Your copy of the entries below should hold exactly the lines from the one containing "ВХОДИТ В КОМПЛЕКТ:душевая" to the one containing "Spilla Cardin a", inclusive, and no pictures.

Records from a data collection:
---+---

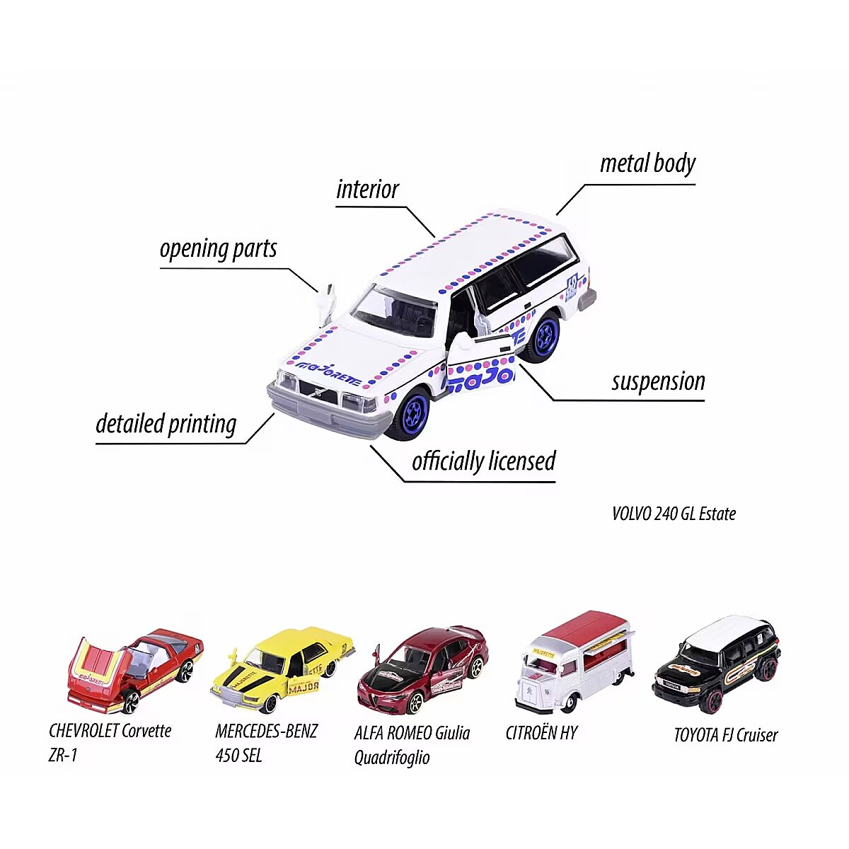 Description - Majorette 60th Anniversary Premium, 5 types Metal cars from a limited edition created to celebrate 60 years of the Majorette brand (1964-2024), with special graphics on the body with Majorette logos from different years. Vehicles without drive, with opening elements, such as doors or trunk and shock-absorbing suspension. Scale: 1:64. Length: 7.5 cm. Jubilee models for the 60th anniversary of the Majorette brand - the birthday edition contains 5 iconic models from the 60th year of automotive history, each car represents a different era and its aesthetics. Time travel in miniature format - a great gift set for collectors, nostalgists and automotive enthusiasts, distinguished by an opening hood and perfect imitation of plastic lights, these springs add uniqueness to every collection of car models. Each model with opening elements represents a different decade Citroën HY (1968), Mercedes-Benz 450 SEL (1975), Volvo 240 GL (1985), Chevrolet Corvette 1990 ZR-1 (1990), Alfa Romeo Giulia (2015) Expand your Anniversary Edition collection - you can complete more models with products no.: 212054101, 212054102, 212054103 Majorette has been the most famous manufacturer of vehicle models since 1964, combining tradition with innovation, our models are characterized by first-class quality of workmanship. A journey through the history of the automotive industry: Majorette birthday edition for the 60th anniversary of the brand! On the occasion of the 60th anniversary of the creation of Majorette car models, 5 classics from the history of the automotive industry have been collected in ONE gift set. Each vehicle model comes from a different decade of the last 60 years and tells its own story of craftsmanship and automotive design. 5 die-cast cars to collect, each representing a different decade - - a real treat for collectors, car enthusiasts and Majorette fans: 1960-1970: Citroën HY (1968) 1970-1980: Mercedes-Benz 450 SEL (1975) 1980-1990: Volvo 240 GL (1985) 1990-2000: Chevrolet Corvette 1990 ZR-1 (1990) 2010-2020: Alfa Romeo Giulia (2015) When ordering, you will receive ONE car (7.5 cm), the selection will be made randomly. 60 years of tradition and innovation! In addition to the 5 officially licensed car models (each 7.5 cm long), the Majorette lettering on the toy cars is also true to the original from the period and thus embodies the history of the Majorette brand in a particularly original way. What has not changed in 6 decades of Majorette: Our passion for cars and attention to detail. Each toy car from this birthday series is made of high-quality metal and equipped with suspension and an opening part - a great gift for playing, chasing in the comfort of the room and collecting! The opening elements allow children to develop their motor skills while stimulating their imagination. Majorette is a cult French brand that has been enchanting car enthusiasts around the world since 1964 with its current collections of licensed metal cars, which reflect the special features of famous car brands down to the smallest detail. In the Majorette range you will find passenger cars, monster trucks, emergency vehicles, construction machines or racing cars. Majorette offers a large selection of metal toy cars, as well as parking sets with various themes Various designs. Product sent randomly, no possibility to choose a specific model. Price for 1 pc.
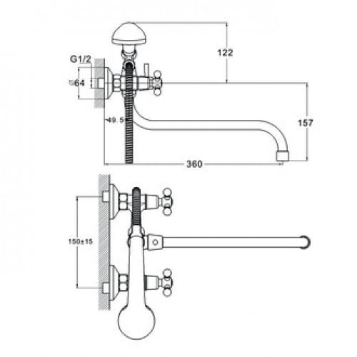 ВХОДИТ В КОМПЛЕКТ:душевая лейка, держатель для лейки, шланг в метал. оплетке 1500 мм
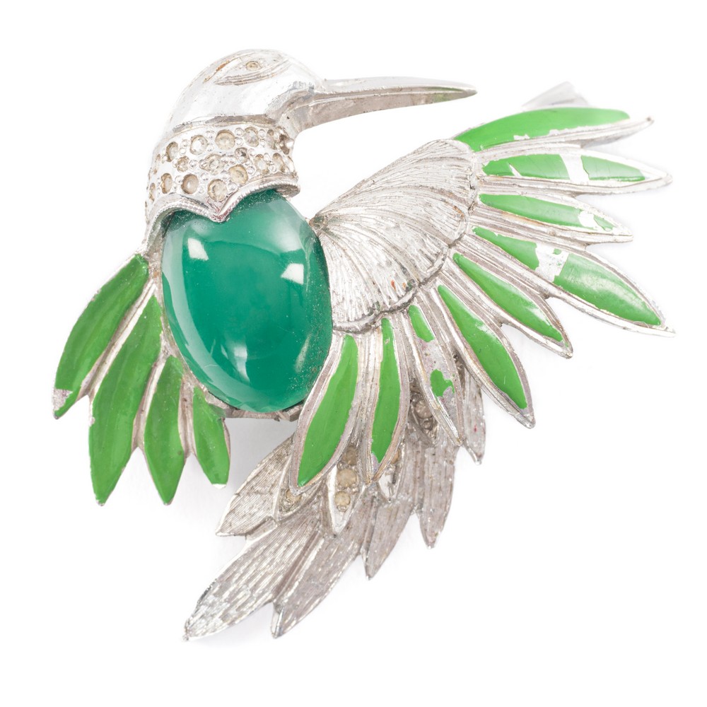 Spilla Cardin a forma di uccello con smalti e pietra verde cabochon. Usure nello smalto.
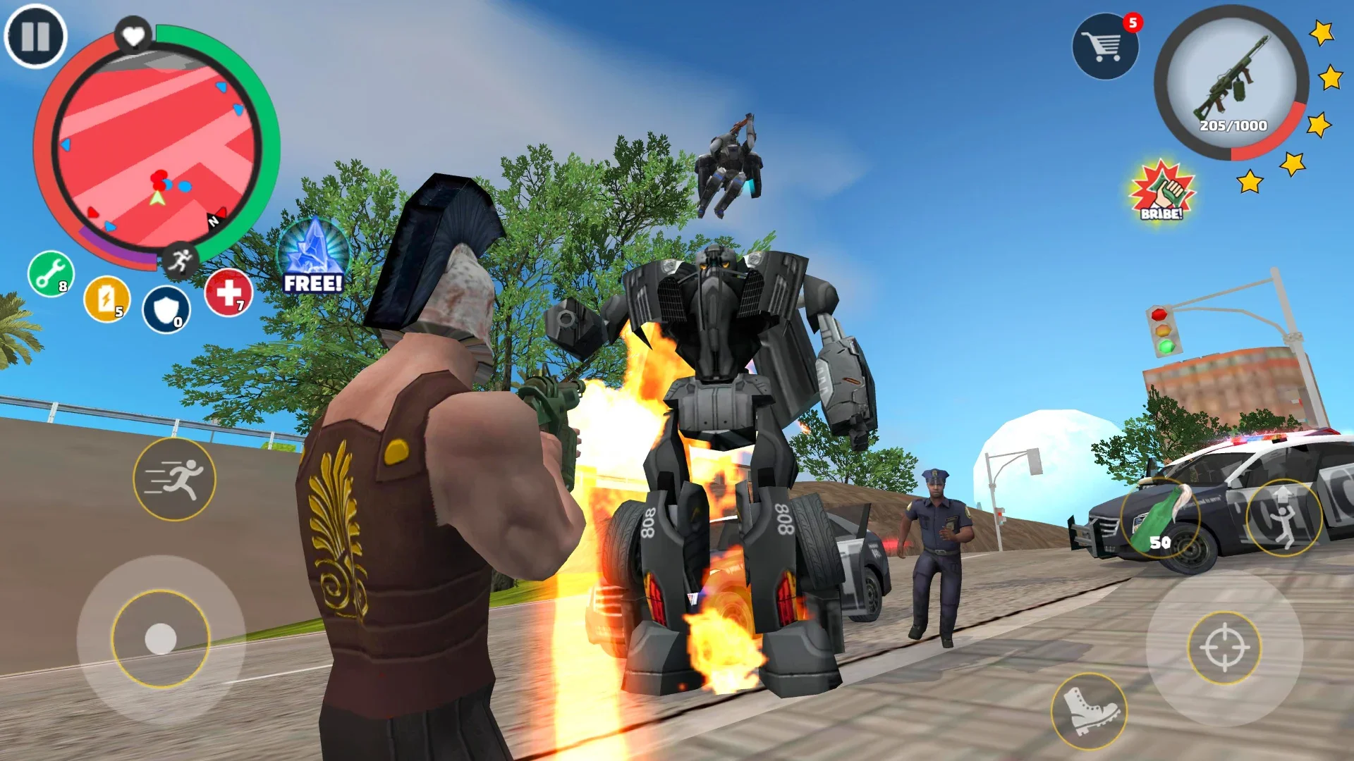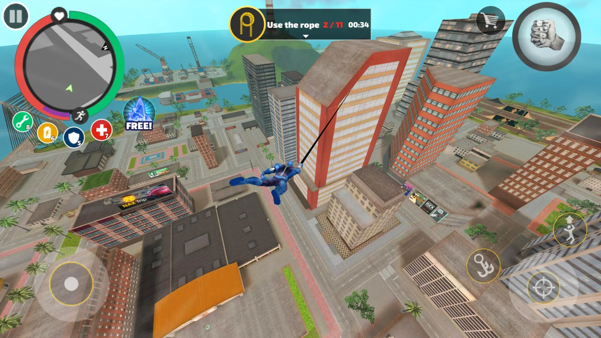 Rope Hero: Vice Town - безумный супергеройский экшн с открытым миром. События происходят в большом городе, где полно преступности и суперзлодеев. Главному герою предстоит вжиться в роль могучего супергероя, и спасти город от криминала. Однако, ничего не запрещает самому творить бесчинства, угонять машины и нападать на прохожих, или полицию. Игра дает полную свободу в плане геймплея, но при этом есть сотни видов занятий.
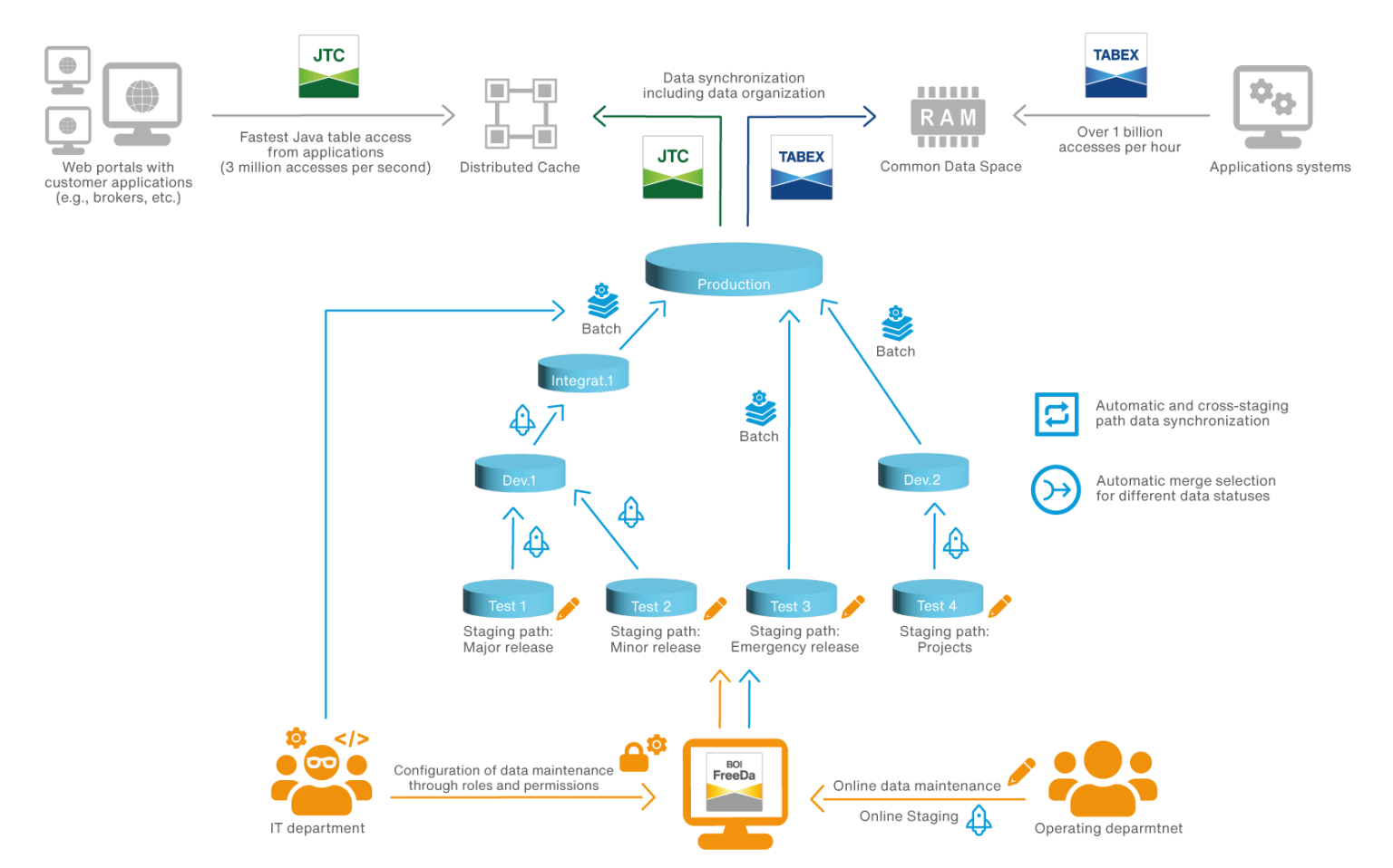 For over 30 years, BOI‘s standard software, TABEX4, has provided high-performance, auditable data access for business applications on mainframe computers. The BOI product JTC is used for decentralized Java-based portals. Now, the maintenance of data is to be modernized, and a standardized process is to be implemented for the maintenance and staging of critical business data.
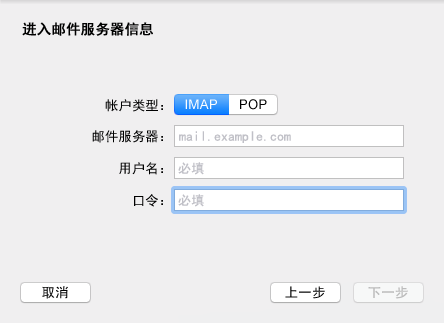 指定 IMAP 服务器。此时您的用户名和口令应该已经填好。
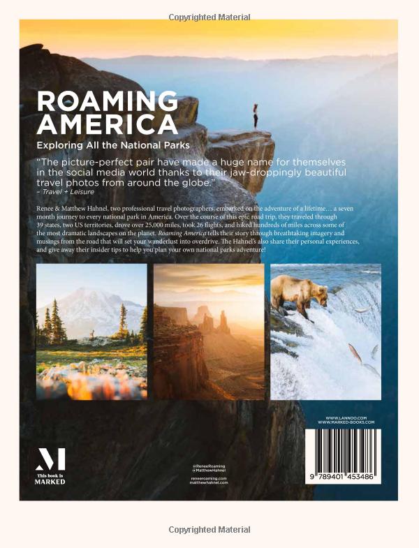Renee & Matthew Hahnel, two professional travel photographers, embarked on the adventure of a lifetime... a seven-month journey to every national park in the USA. Over the course of this epic road trip, they traveled through 39 states, two US territories, drove over 25,000 miles, took 26 flights, and hiked hundreds of miles across some of the most dramatic landscapes on the planet. Roaming America tells their story through breathtaking imagery and musings from the road that will set your wanderlust into overdrive. The Hahnels also share their personal experiences, and give away their insider tips to help you plan your own national parks adventure!

---+---

Written answer —
 ВХОДИТ В КОМПЛЕКТ:душевая лейка, держатель для лейки, шланг в метал. оплетке 1500 мм
 Spilla Cardin a forma di uccello con smalti e pietra verde cabochon. Usure nello smalto.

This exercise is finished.